Truckers know that life on the road is difficult but curbing expenses and spending is a big challenge, too. Traffic, weather, accidents and delivery deadlines come with the job. Working with a lender to fund a new truck purchase or keep a fleet well maintained can be harder to overcome.
Managing a fleet of trucks, whether they be small box trucks or large semis, is very expensive. Budgeting for costs such as maintenance, fuel, insurance and fuel taxes means that trucking expenses can be grueling. Worst of all, as trucking research data from the American Transportation Research Institute (ATRI) shows, truck expenses have increased significantly.
From 2008 to 2014, truck maintenance per mile rose from $0.103 cents a mile to $0.158 cents a mile, an increase of over 53 percent. Truck leasing costs also increased substantially from their lows in 2009 and 2010 to their high pre-2008 levels due to the lack of financing during the Great Recession. Although fuel costs dropped in 2014, this decrease was offset by other rising costs such as insurance, tires and labor.
Keeping up with these prices is not easy. Some trucking companies can partner with a variety of transportation lenders. But having reliable funding in place may not be enough to cover unexpected major expenses and operational costs that are often overlooked, especially by small and mid-sized operators as they try to save money.
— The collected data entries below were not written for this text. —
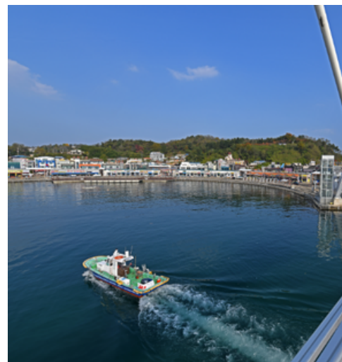
Gangwon-Do DAEPOHANG FISHING PORT 大浦渔港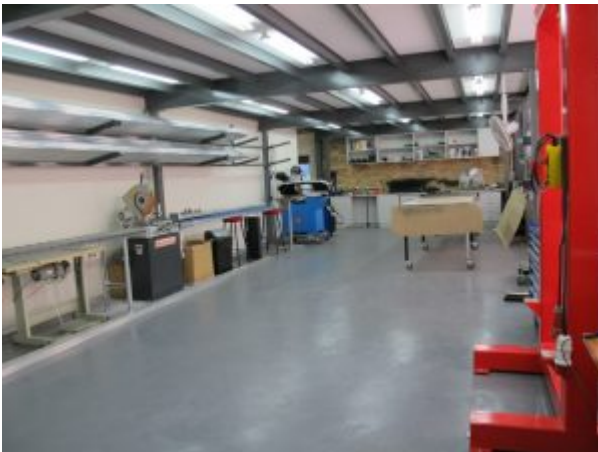
DWR Manufacturing Metal Workshop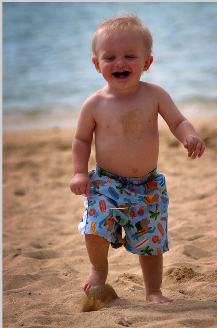
“KICKING UP SAND-2” 2017 S4C International Exhibition of Photography Photojournalism Human Interest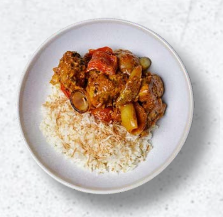
CHICKEN TIKKA MISALA WITH COCONUT RICE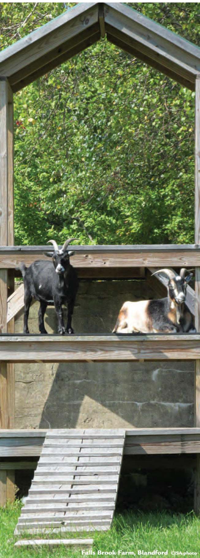
Falls Brook Farm, Blandford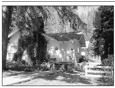
ROOM FOR EVERYONE 4BD, 2BA home. Fireplace in huge lvg room, fam room in finished basement...$152,000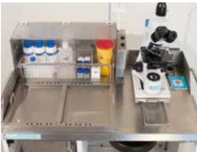
AISI 304 stainless steel cart

Each laboratory will outfit the RoseSTATION with items required according to their own standard operating procedure for ROSE.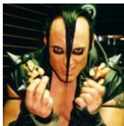
The Worst Lead Singer Replacements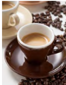
Fair Trade Coffee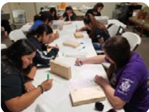
Leadership: Lockhart HS growing and sharing their leadership skills with the junior high officer team.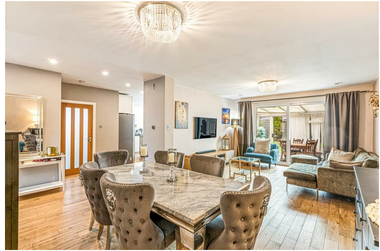
OPEN PLAN LOUNGE / DINING AREA 22'4" x 13'5" (6.81 x 4.11)

Local amenities are handy, with shops, eateries, and regular bus routes nearby, quick access to Fosse Park for broader shopping options. Transport links are excellent: the M1 and M69 motorways are easily reachable for commuters, while Leicester city centre close by.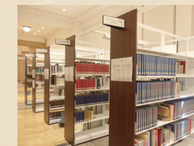
Asian Research Library resources are available on the third floor of the Main Building in advance of the opening on the fourth floor.

The way how the library operates is constantly changing, but its core is always the materials it houses. U-PARL is developing the collection of the Asian Research Library through the three approaches of purchasing new materials, accepting donated materials, and integrating materials from the university’s libraries and reading rooms.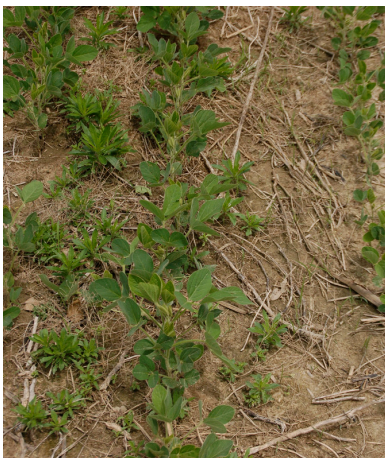
Left photo - spring application of glyphosate + 2,4-D + residual herbicides (no fall herbicide treatment)

Maybe - but this is not an approach that has consistently worked well (see photos below). It can be difficult to accomplish unless the marestail population in the field has been well managed for several years and the population is generally low. Growers should use their own previous experiences here as guidance, and plan on increasing the complexity and rates of the herbicide program. Problems with skipping the fall treatment, and applying everything at once in spring include the following: 1) applying early in spring when plants are small can result in poor control of plants that are emerging in mid-season if the residual herbicide runs out; and 2) applying closer to planting to maximize the length of residual often results in less effective control of larger, older marestail plants, especially those that have overwintered.

Here are a few tips to help struggling trucking companies cut expenses.
Trucking companies should consider using smaller trucks for shorter distance runs. Shippers and receivers alike are always confounded to see a large trailer moving just one or two pallets of goods. According to ATRI research, tractor-trailers are used for most runs that range from 100 to 500 miles. A smaller expeditor or box truck could deliver the same load yet cost less than a tractor trailer. Companies could find savings in fuel, maintenance and labor from simply using a better (or smaller) tool for the job.
Besides smaller trucks, trucking companies should also consider standardizing their fleet. Keeping two of the same type of trucks is a lot cheaper to maintain than having four or five different types. Besides lower maintenance costs, companies could also realize higher productivity and greater safety. Mechanics could standardize parts and maintenance procedures while drivers know what to expect from the driving characteristics of a particular vehicle in the fleet.
In 2010, the Federal Motor Carrier Safety Administration (FMSCA) reported that the average commercial vehicle crash resulted in property damage that cost $18,000, which varied depending on the size of the vehicle. Accidents that resulted in injuries cost an average of $331,000; those that resulted in fatalities cost an average of $7.2 million.
Setting up a benchmark schedule for maintenance and overhauls is also very helpful for keeping costs low. Unfortunately, too many vehicles often overshoot their scheduled maintenance by thousands of miles, which can lead to expensive repairs and, worse, costly downtime when the vehicle is not on the road. Here’s something else to consider: Some manufacturer warranties won’t be honored unless maintenance records are kept.
Trucking companies can employ tracking software or even a simple spreadsheet that logs repairs and maintenance, miles driven and the driving habits of a particular driver. It can also provide ample time to procure a spare vehicle before one breaks down, track any repairs made or even support the amortization schedule of equipment and assets for tax purposes.
Trucking companies already face enough challenges on the road. Conducting a thorough evaluation of current operations could prove as rewarding as seeking further investment, if not more so, since no new debt is incurred. That benefit alone can make for a much smoother ride.